My parents always celebrated our history. My dad always pointed things
out to me. He even left the PIP (Pro-Independence Party) because he
always said that los negros and our struggle was never acknowledged.
Maelo (Ismael Rivera) and Tite Curet did their part in educating and
calling out the issues. Today, I do my part but I attack the subject of
racism directly.
It makes me so happy to see Don Omar call himself el negro and La Sister
celebrate her blackness. Now it's in fashion to be black and to be from
Loiza. And that is awesome, it makes me so happy. Even if they don't
give me credit for starting the pride movement, I know what I did to get
it out there.
Young black Latinos have to learn their story. We also need to start our
own media, and forums and universities. We are treated like second class
citizens. They tell blacks in Latin America that we are better off than
U.S. blacks or Africans and that we have it better here, but it's a
false sense of being. Because here, it's worse.

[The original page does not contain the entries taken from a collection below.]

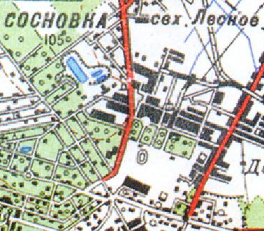 На этой карте есть ещё один совершенно бесподобный ориентир - в те времена Курчатова шла прямо до Бенуа, а не сворачивала как сейчас к Политехнической, и выходила точно к перекрёстку - пересечению четырёх улиц.
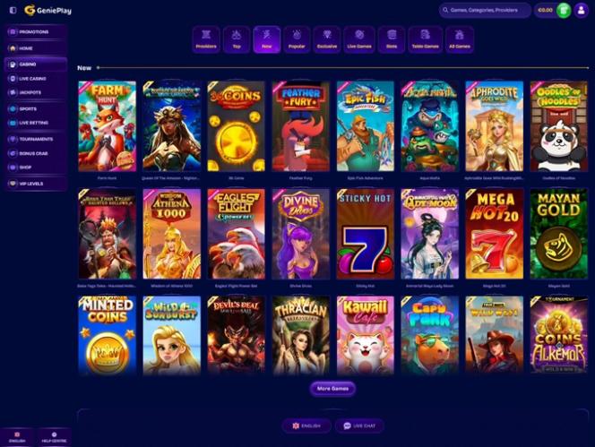 Os jogadores que decidirem criar uma conta no GeniePlay Casino terão acesso a diversas atividades de jogos de azar. A extensa biblioteca de produtos inclui todos os jogos de cassino populares, como caça-níqueis online, jogos com crupiês ao vivo , jogos de mesa e jogos com jackpot. Além disso, o site conta com uma seção completa de apostas esportivas.
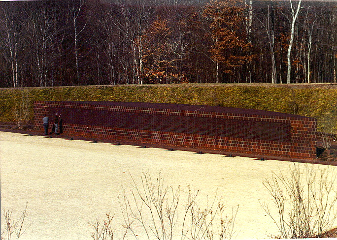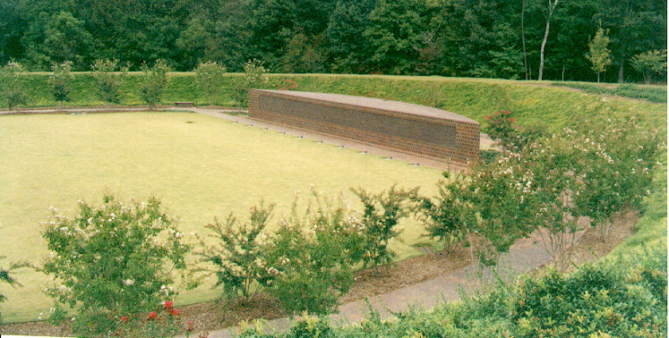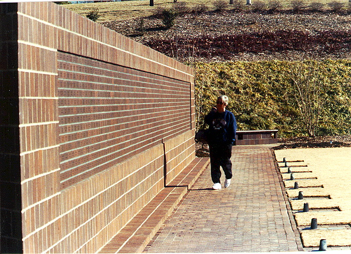 These pictures were taken in January of 1995. They show the memorial during the winter months of the year. Although the grass is in it's winter colors, the contrast of the red brick of the memorial and the "sleeping" lawn compliment each other very well.
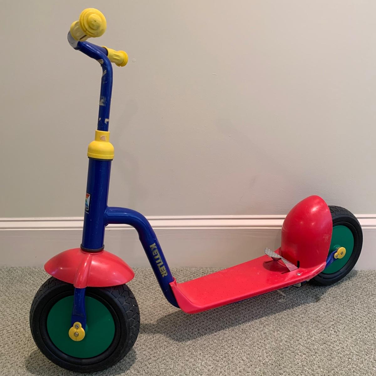 Kettler Scooter, made in Germany. Scooter has adjustable handle bar and foot brake. Item measures approximately, 16.5” x 35” x 26”H. Please see photos for more details. Shipping available. Shipping can be costly. We suggest contacting our preferred local shipping provider, Postage Express, with dimensions and getting an estimate before bidding: (828) 670-5501 or postageexpress@yahoo.com.
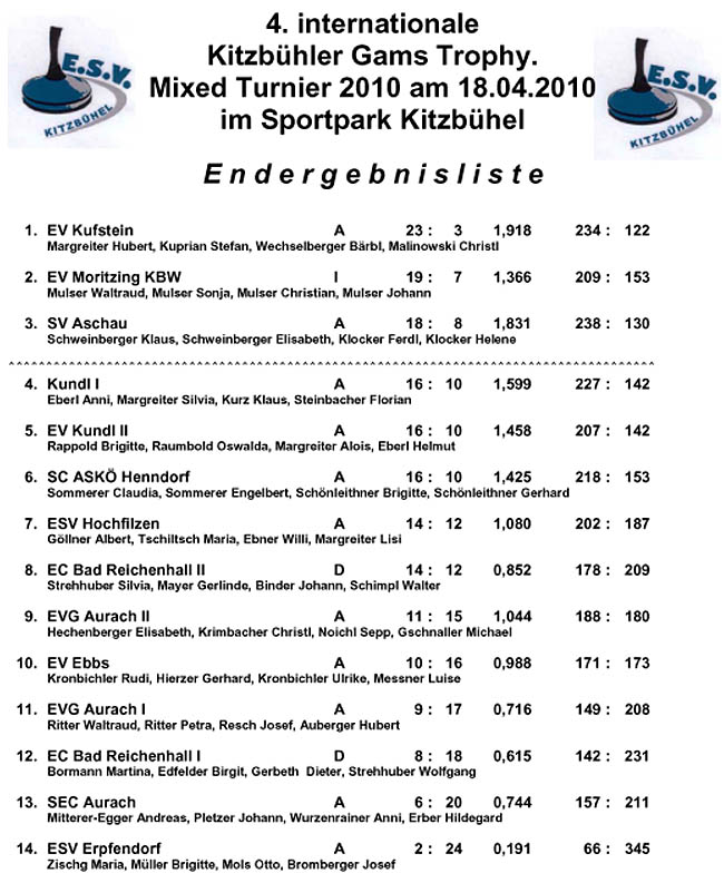 < Ergebnisse Herren > < Ergebnisse Damen > < Ergebnisse Senioren > < Ergebnisse Mixed > < Ergebnisse Jugend >
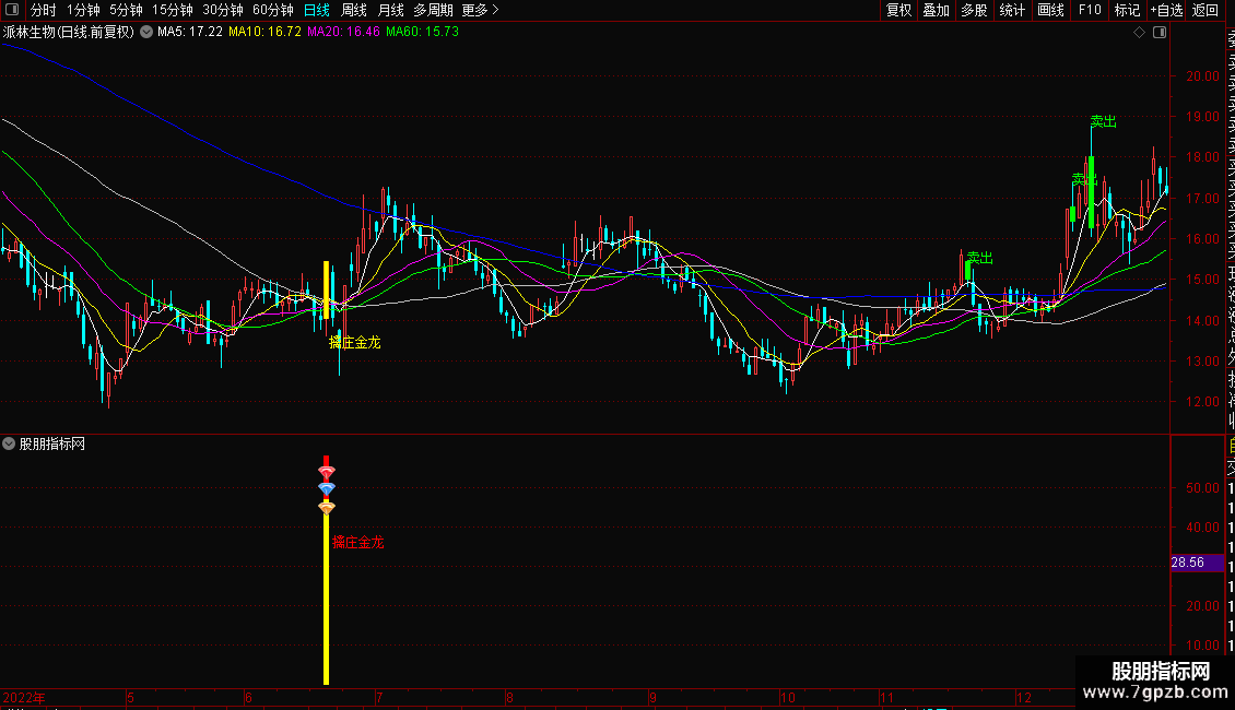 满足均线多头且MACD零轴上红柱递增同时单日涨幅超过6个点时回踩短期均线,且不破,此时提示擒庄金龙信号,信号经过了10日过滤避免多次重复出现。 价格进入超买区间RSI值小于下穿 84,此时标卖出信号,提示回调风险,及时止盈离场。

We are definitely treated like second class citizens and we are not part
of the government or institutions. Take for instance, Jamaica - whites
control a Black country.
They have raised us to be ashamed of our blackness. It's in the language
too. Take the word denigrate - denigrar - which is to be less than a
negro.
In Puerto Rico you get used it and don't see it everyday. It takes a
visitor to point out that all the dark skin sisters and brothers are in
the service industry.
It's hard in Puerto Rico. There was this Spaniard woman in the elevator
of the building where I lived who asked me if I lived there. And poor
thing - not only is there one black brother living in the penthouse, but
also in the other, lives Tito Trinidad. It gets interesting when we both
have our tribes over.
Black Latinos are not respected in Latin America and we will have to get
it by defending our rights, much like African Americans struggled in the
U.S.
It's hard to find information about our people and history but just like
kids research the newest Nintendo game or CD they have to take interest
in their story. Be hungry for it.
We need to educate people close to us. I do it one person at a time when
language is used and I am offended by it. Sometimes you educate with
tenderness, as in the case of my wife, who is not black.
She's learned a lot and is offended when she sees injustices. She gets
it. Our children are mixed, but they understand that they are black and
what that means. My wife has taught her parents, and siblings, and they,
in turn, educate the nephews and nieces. That is how everyone learns.
This is not about rejecting whiteness rather; it's about learning to
love our blackness - to love ourselves. We have to say basta ya, it's
enough, and find a way to love our blackness. They have confused us -
and taught us to hate each other - to self-hate and create divisions on
shades and features.
Remember that during slavery, they took the light blacks to work the
home, and left the dark ones to work the fields. There is a lot residue
of self-hatred.
And each of us has to put a grain in the sand to make it into a movement
where we get respect, where we can celebrate our blackness without
shame.
It will be difficult but not impossible.